Really? That's what you took from that post?
Yes. You're essentially saying that the limitation that it be used on a mobile device is an admission that the method was know for use on non-mobile devices. That's an implied assertion that cannot be legitimately drawn from the claim, and has not been supported by any external references.
There may be lots of reasons why they would claim it in such a limited fashion, and existing prior art they're trying to skirt around is only one of those reasons.
As I said, they may have simply not noticed they were claiming more narrowly than they were entitled to.
They may have known that, but simply not cared about the non-mobile market. Lots of inventors claim that way, essentially dedicating the non-claimed embodiments to the public.
They may not have felt the non-mobile market was worth the cost of obtaining an additional, broader patent, as this functionality would find its best use in the mobile market. On a large device, location based swiping would work better than it does on a small device. It's only on the small screens that you really need this non-location based scrolling behavior.
Do you think Benz could have patented the wheel on a device with an internal combustion engine?
If he had been the first to ever do that, after years of other people not doing that even though engines and wheels were known, then yes.

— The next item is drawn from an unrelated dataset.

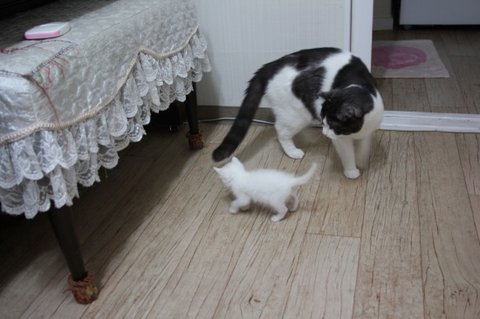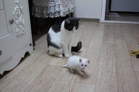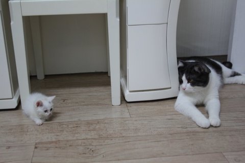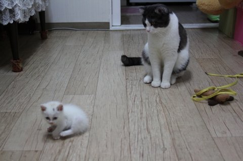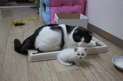호기심 많은 아깽이와 낯설어 하는 유청이에요.

But, too bad for your strawman argument, analogous prior art existed
as far back as the 17th century, so he couldn't have gotten a patent on that even if he tried. Too bad you still haven't shown prior art that relates to what was actually patented.
Now,to make your strawman a bit more realistic, should Benz, or whoever, have been granted a patent on a new transmission that allowed more efficient coupling of the engine to the drive wheels?